Aw, Bindi has gorgeous skin! They both look great! ^^


----------



## flyingduster (Sep 6, 2009)

oohh, they _will_ look awesome when they have the big AKC hair won't they!!! Can't wait! Do keep sharing pics as they grow out, Bindi is starting to look cool now! 

How did they do at that show??


----------



## jak (Aug 15, 2009)

Nice pics there 

Did you get any pics in the ring.. Bindi would be a beauty to see moving!
Her CC is starting to look good.. just a few tweaks here and there, and some more neck hair, and it will be fantastic!


----------



## thestars (May 2, 2009)

KPoos said:


> So how did they do on Easter weekend?


Buoy won in his class and got Reserve both days against my friend Ann's little black boy.

Bindi won in her class. Beautiful Black Specials bitch took it both days. Second day was without hairspray because the judge for group doesn't like it. Didn't stay to watch group and BIS as it was getting to hot and humid in the building.

Got some video and will post via my website.
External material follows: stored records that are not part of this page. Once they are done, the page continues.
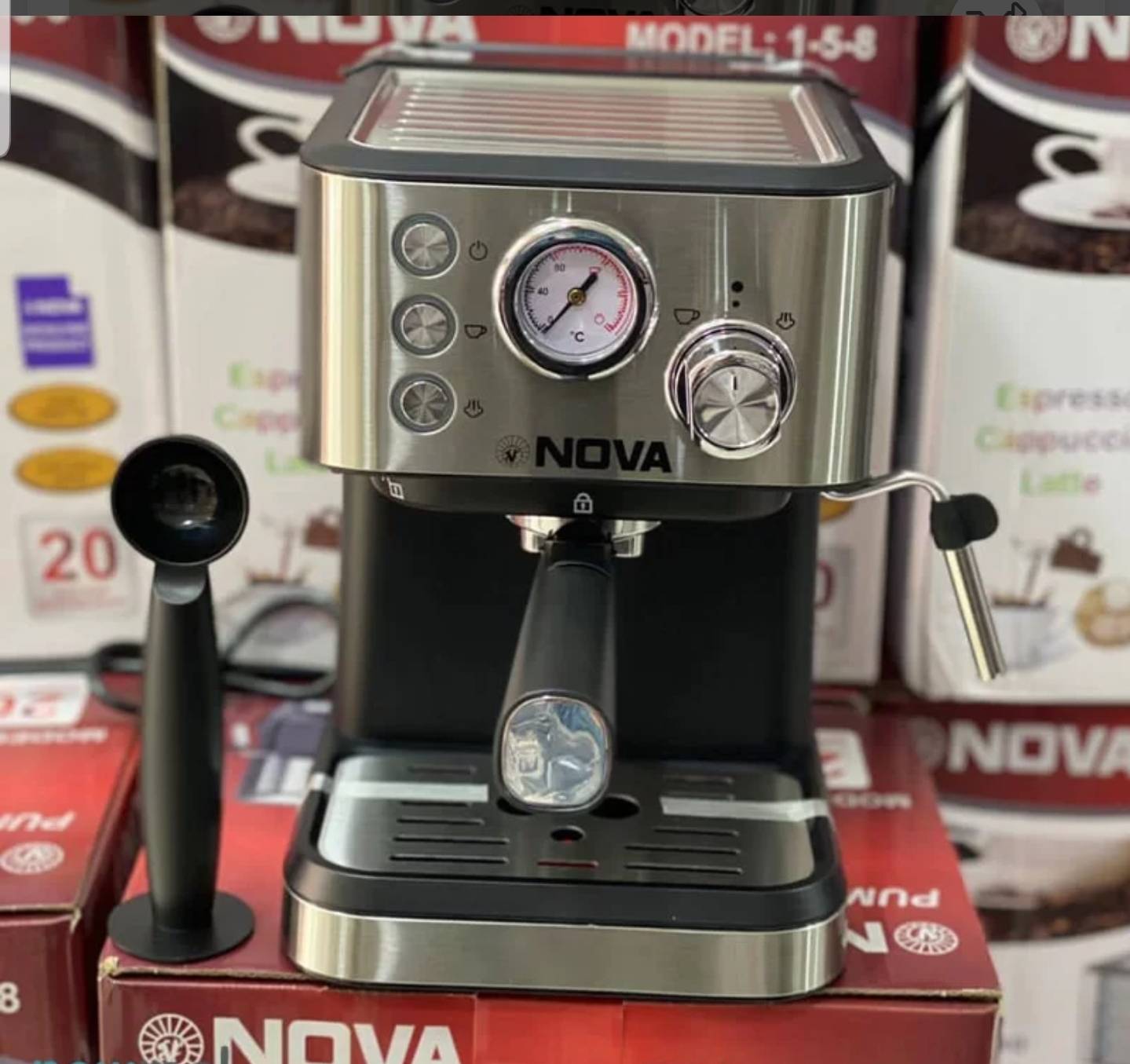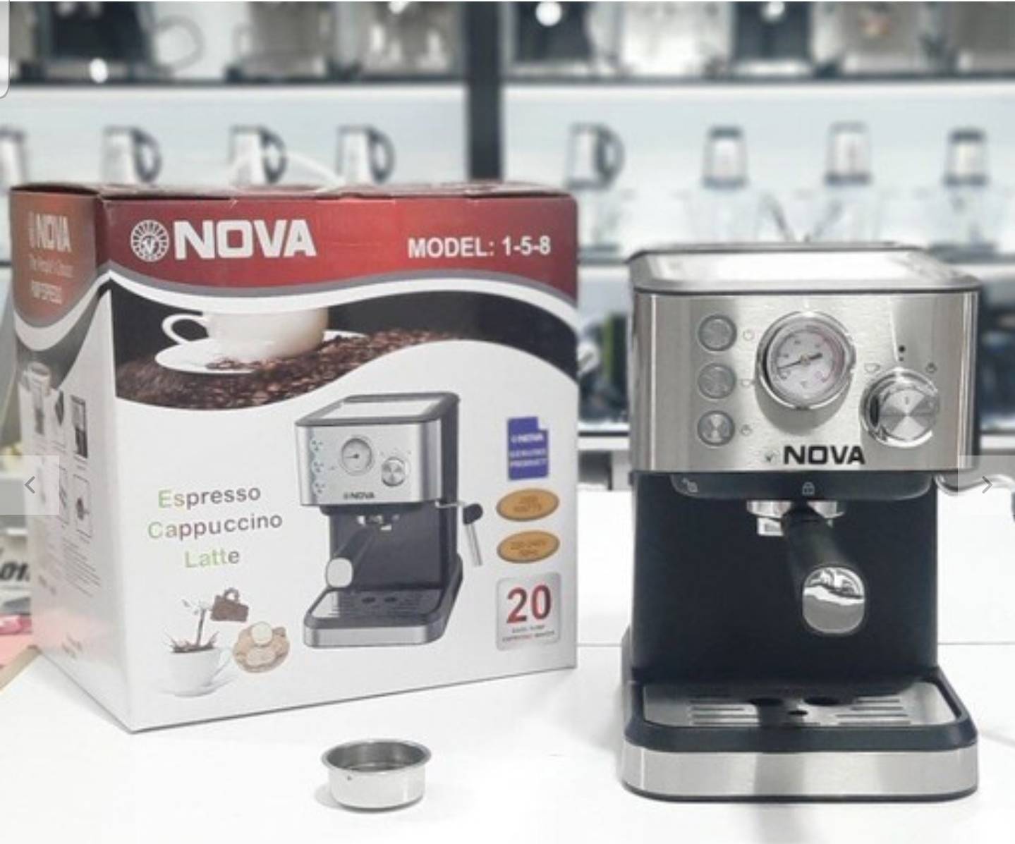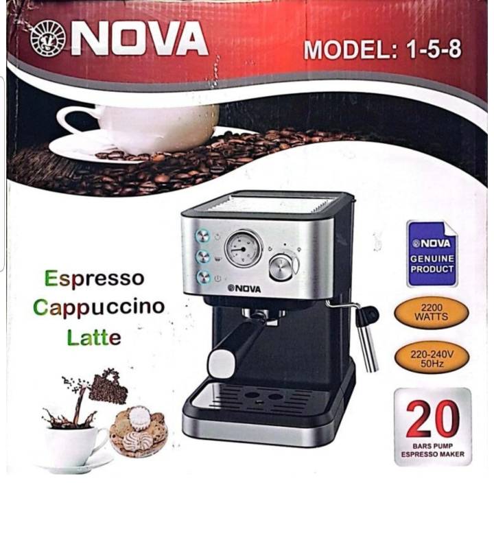 اسپرسوساز 8-5-1 نوا که طرح جدیدی از محصول 158 است.این دستگاه یکی از کارآمد ترین محصولات در بین لوازم خانگی است. اسپرسو ساز نوا 8-5-1 دارای 20 بار فشار بخار با توان قدرتی 2200 وات است. که این توان به خوبی می تواند برای شما در کمترین زمان قهوه، اسپرسو و هر نوشیدنی دیگه ای را آماده کند. اسپرسوساز ۱۵۸. بازه ولتاژ این اسپرسو ساز نوا بین 220 تا 240 ولت است. شما می توانید انواع نوشیدنی ها از جمله اسپرسو، کاپوچینو، لاته و غیره را به راحتی و به سرعت برای خود در خانه تهیه کنید. قیمت اسپرسوساز 8-5-1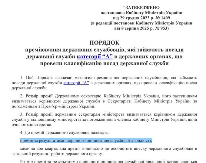 Украинские государственные служащие будут получать еще один вид премий — ежегодные.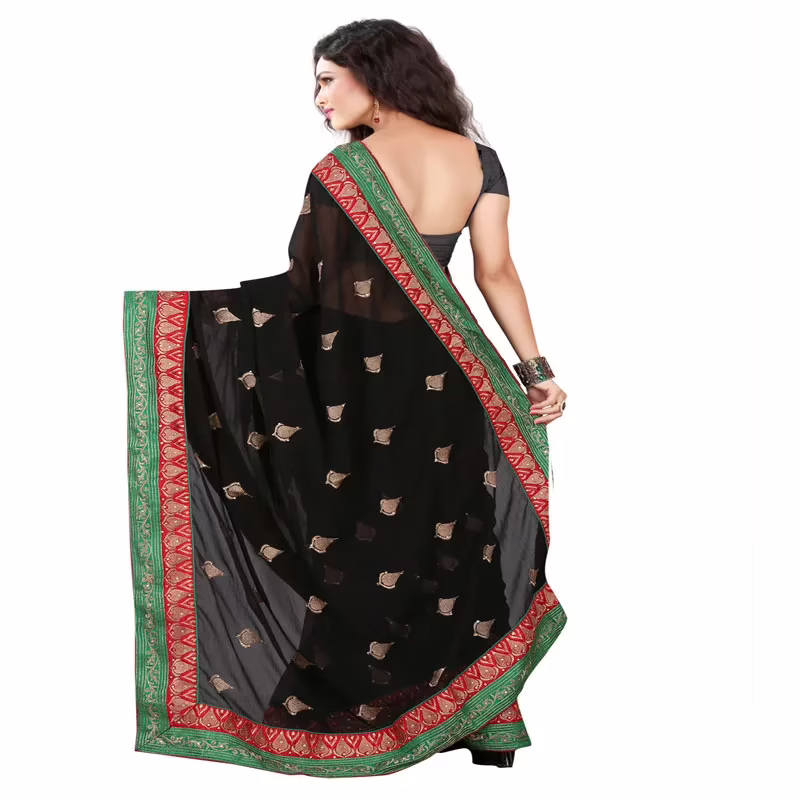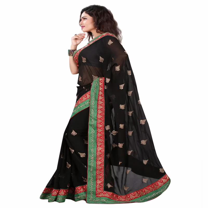 Lookslady Embroidered Black Chiffon Saree For Ladies,Girls,Women at Seasonsway.com .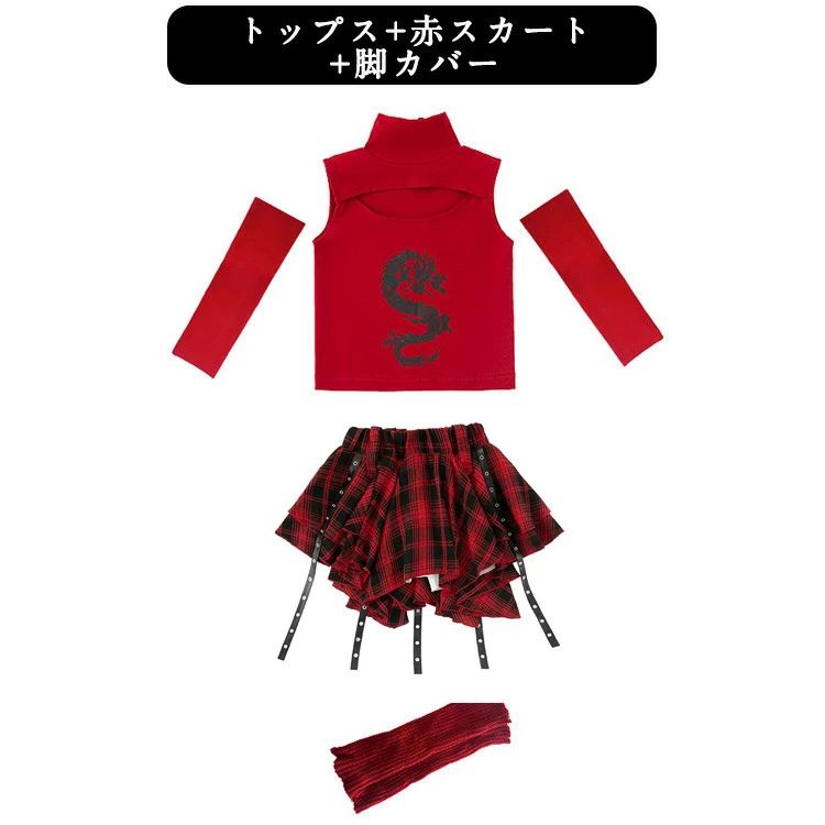 商品内容: トップスのみ パンツのみ 赤スカートのみ 黒スカートのみ トップス+パンツ トップス+赤スカート トップス+赤スカート+脚カバー トップス+黒スカート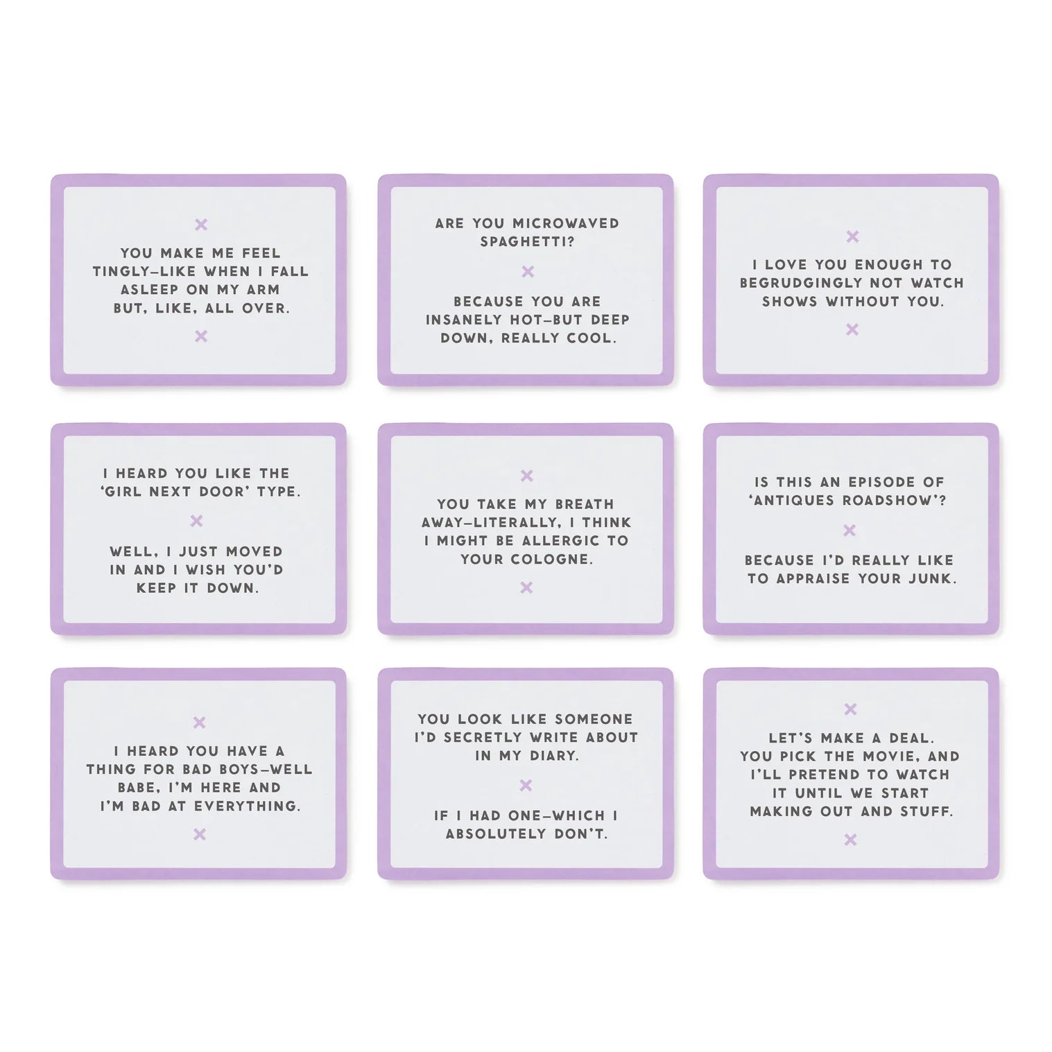 FOR THOSE “OH NO, I NEED A LINE” MOMENTS – Whether you're out on the town, stuck in a meet-cute at the bookstore, or trying to text without sounding like a robot, this deck is your new secret weapon. Use it to charm strangers, flirt with friends, or just make yourself laugh in the mirror like the dazzling human you are. Keep a few in your pocket—you never know when you'll need to make a memorable first impression.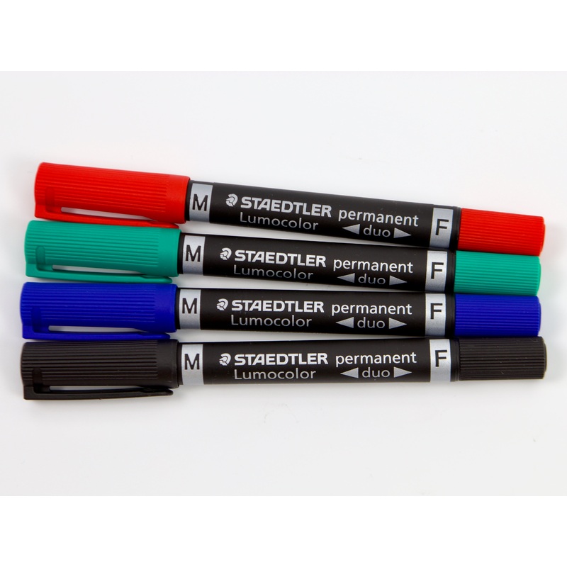 The Staedtler LumoColor permanent marker is a duo markerwith a medium bullet tip that writes a 1.5mm line on one end and a fine bullet end that writes a .6mm line on the other end. Each set includes four colors: red, green, blue, and black. Markers are hou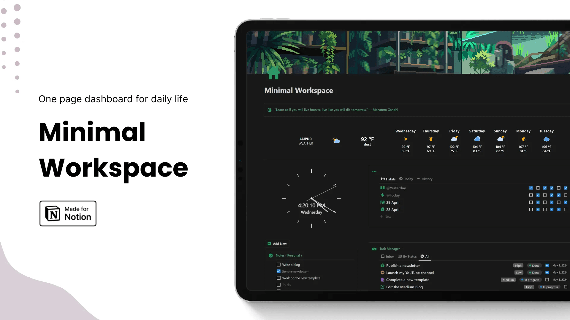 Whether you're juggling work projects, personal goals, or building better habits, this template brings everything together with a clean, intuitive layout.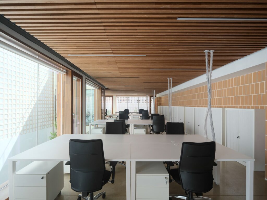 El nou edifici manté la visibilitat entre els edificis adjacents i s’integra harmònicament amb l’escola, el pati d’esbarjo i els jardins, a més conviu amb una part de l’antiga Myrurgia que està catalogada patrimonialment.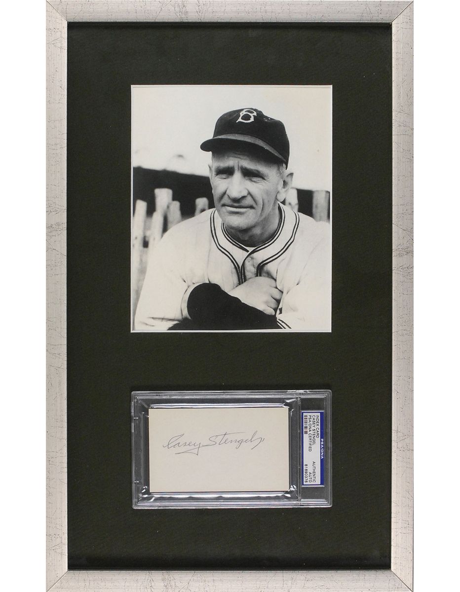 Ballpoint signature, “Casey Stengel,” on an off-white 5 x 3 card. Encapsulated in a plastic PSA/DNA authentication holder. Framed with a portrait of Stengel in his Brooklyn uniform to an overall size of 13.25 x 21. In very fine condition.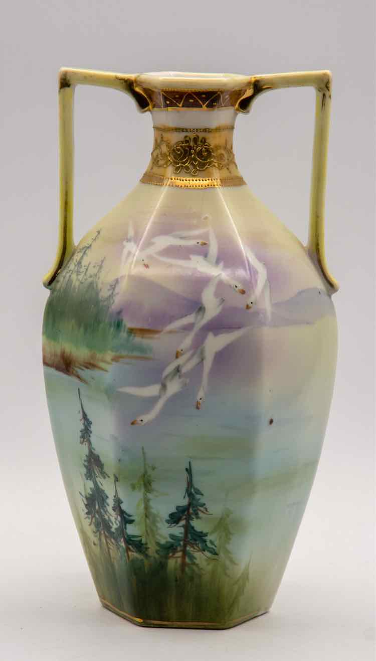 Painted Asian Vase w/ Gilded Gold Rim 9"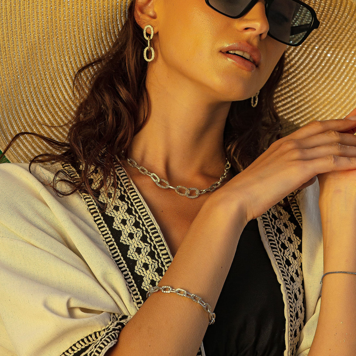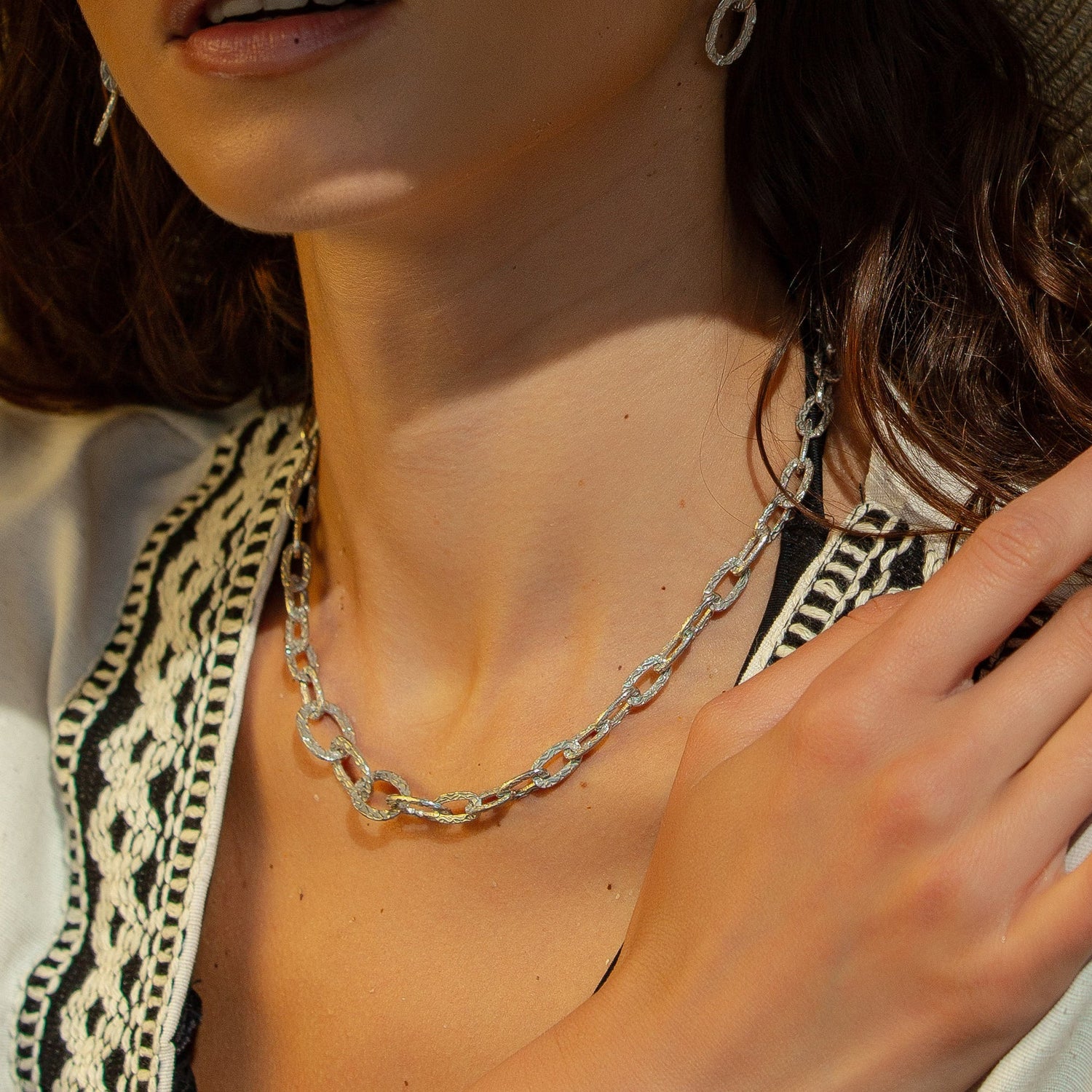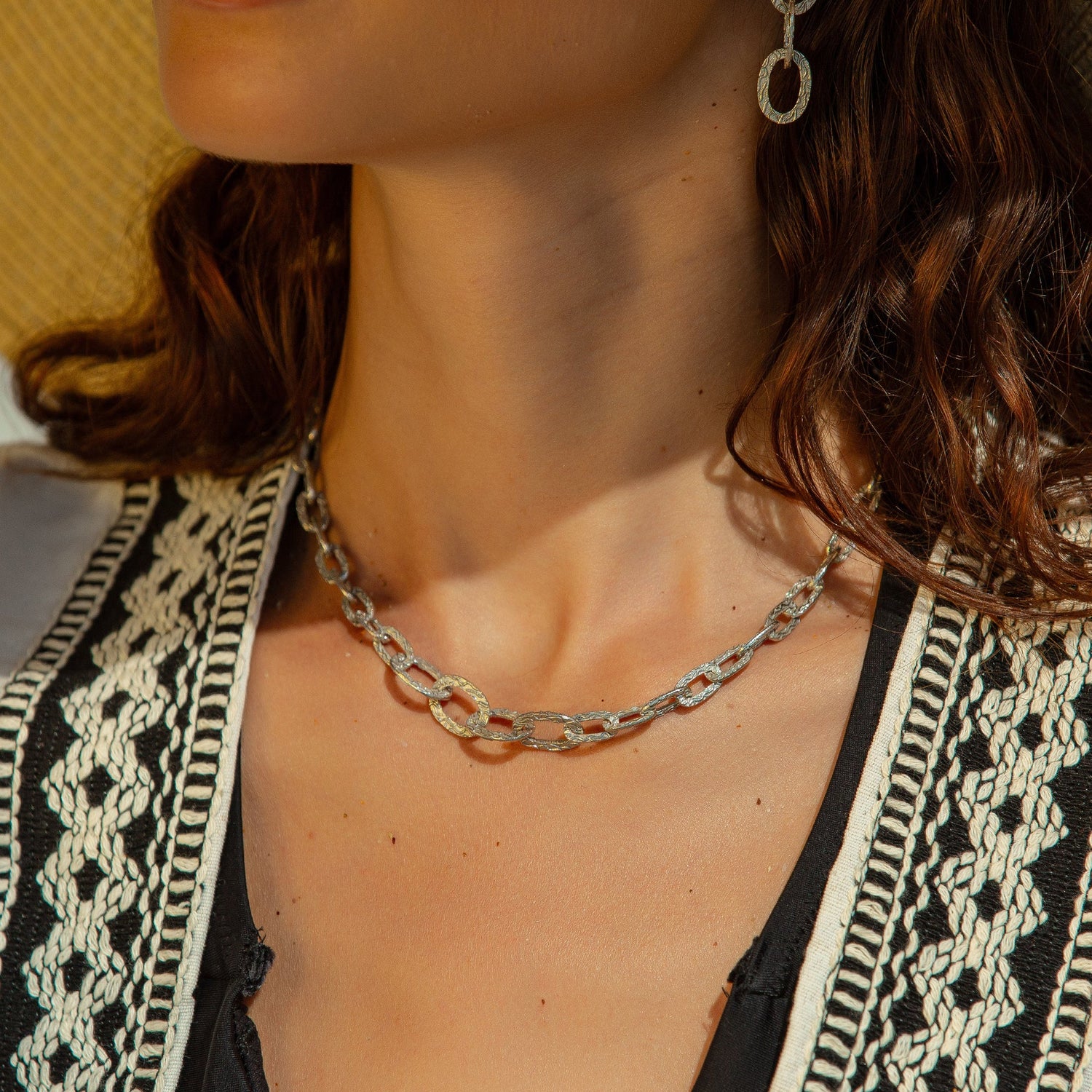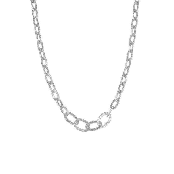 This necklace is made from high-quality silver and features unique textured links.
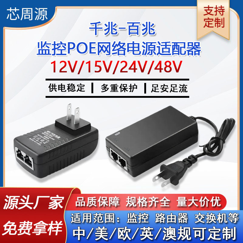 Pantau POE Catu Daya 12V1A 15V 24V 48V0.5A Gigabit Switch Adapter Daya Jaringan

My website is always up to date on what shows and events we are scheduled for or have accomplished. Also, stay tuned for more Patriot Poodles in the AKC show ring...


----------



## thestars (May 2, 2009)

With my mentors and Poodle Club Members there at the show it was an easier weekend to get everybody all groomed up! It helped to have our grooming slots just outside our show ring both days too. Group was held their as well so we got extremely lucky.


----------



## spoospirit (Mar 10, 2009)

_Congratulations! Bindi is looking lovely!! Buoy is a really handsome fella. I don't think I have seen him before.
_


----------



## apoodleaday (Feb 22, 2010)

Lookin good! Hope you had a good time


----------



## thestars (May 2, 2009)

spoospirit said:


> _Congratulations! Bindi is looking lovely!! Buoy is a really handsome fella. I don't think I have seen him before.
> _


He's been on here before. His real name is Mickey but he is a Boy and Buoy was a off pronunciation of boy.
Here is an amazing shot I got of him after his bath last Thursday before the show. We'll have pro photos done of him next but after we get some more coat growth.


----------



## BFF (Jun 10, 2009)

Yea! Congratulations on a great weekend. They both look amazing.


----------